One of the contending dooms is the issue of “contract killings”. This term was the brainchild of the late president Mills who used it to castigate the Kufuor administration when a few people were killed by unidentified persons. The late professor made so much noise about the issue that people were made to believe that it was Kufuor’s government that engaged people to kill. Today, “contract killings” have reached an unacceptable level. In John Mahama’s Ghana, no one is safe as far as “contract killings” are concerned. Should we therefore say John Mahama’s government is behind the “contract killings” going on in God’s own country? So you now understand why the sages say when you throw a ball against a wall it comes back to you?

The murder and carnage on our roads continue unabated. Statistics indicate that road accident is the number two killer in this country. In fact, it comes second to HIV/AIDS. We have established a Road Safety Commission which operates only during Christmas and Easter holidays. Here in Ghana where we are always proud to say God has pitched his camp, a day never passes without one fatal road accident or the other which leads to the death and maiming of innocent souls. Instead of checking faulty vehicles, the MTTU are only interested in extorting monies from drivers. You sit in a vehicle and wonder how the owner was able to acquire Roadworthy Certification from the DVLA. Corruption here, corruption there, corruption everywhere! The sad aspect of the case is that many vehicles ply our roads without any insurance covering them. Prayers have been offered by our religious clergies for God to deliver us from such deaths but so far God has not listened to us. It looks as if the country is possessed by an evil spirit.

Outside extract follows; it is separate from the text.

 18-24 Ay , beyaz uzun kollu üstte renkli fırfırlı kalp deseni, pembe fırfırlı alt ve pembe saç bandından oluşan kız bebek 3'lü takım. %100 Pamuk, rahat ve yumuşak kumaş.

Among the contending dooms that this country is seriously facing is the strike syndrome. These days it is gradually becoming fashionable for labour unions to urge their members to embark on strike for the inability of the government to pay either their salaries or allowances. And so Ghana has become a country of striking workers. If you quantify the man/hour lost in terms of money you will realize that the country is rather going backwards as far as our development is concerned. One cannot blame these striking workers because a soldier marches on his belly.

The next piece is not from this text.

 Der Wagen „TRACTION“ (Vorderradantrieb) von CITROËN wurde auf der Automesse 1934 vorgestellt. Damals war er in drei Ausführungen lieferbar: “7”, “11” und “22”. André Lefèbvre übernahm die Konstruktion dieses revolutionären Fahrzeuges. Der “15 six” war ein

As they stand in the queue waiting for trotro to go to their various places of work and see government officials in their flashy cars driving by, any call to strike by their leadership is quickly swallowed, bait, line and sinker. In the run-up to elections, the NDC apparatchiks promised to build bridges where there are no rivers and when they were “voted to power” (Or they stole power?) they turned to treat the electorate like second class human beings. They live ostentatious and profligate lifestyles to the annoyance of the poor man on the street who cannot make ends meet. That is why anytime there is a coup d’état, the poor and common men are always the first to hit the streets to support the soldiers.

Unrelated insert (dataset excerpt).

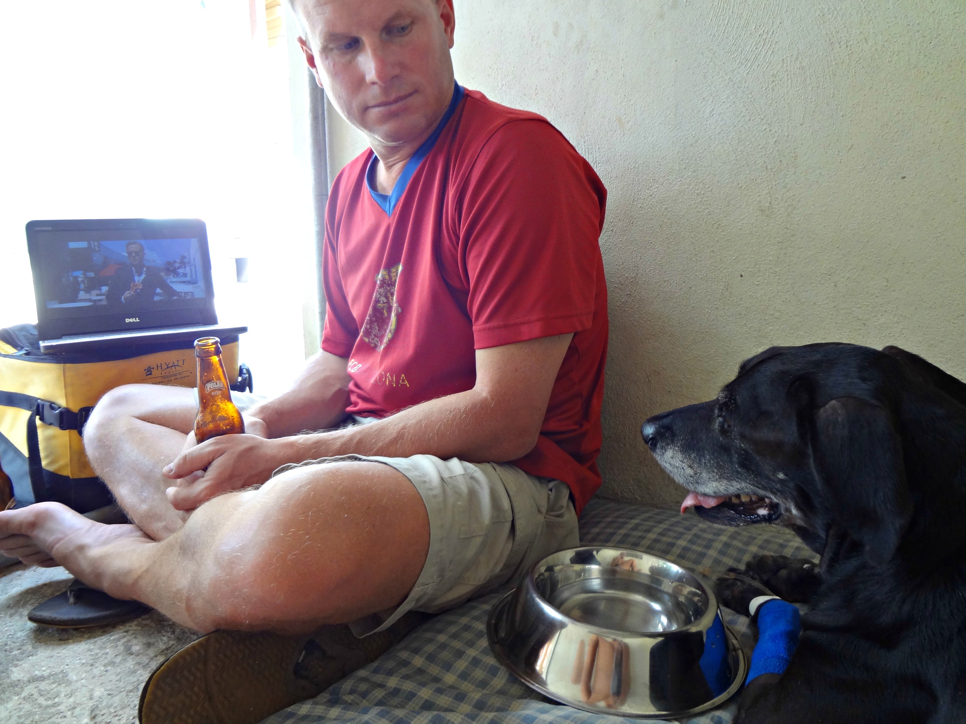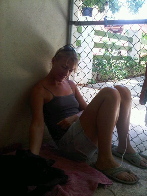 That’s Mico still hooked up to her iv post surgery, a daddy looking lovingly on with our cooler of beverages propping up our laptop playing the movie “Crazy Stupid Love”.

Have you observed the recent increase in spousal killings in the country, my cherished reader? That is a very serious issue because God hates it. And when a nation does what God hates, that nation is cursed. It happened during the days of Moses and the other prophets. The sad aspect of this case is that you never know when and where it will happen and you never know the reason since many of such killers turn the weapons against themselves, thereby, burying the reasons with their souls.

So you see, my brothers and sisters, (apology to late President Mills) all is not well and the only way out is to go on our knees and pray for forgiveness. God might be angry with us because of the electoral fraud!!! But Lord God Almighty, He who delivered Israel, should the sins of the father visit the children? Lead kindly light, amidst the encircling gloom. The night is dark and I am far from home. Lead thou me on!!!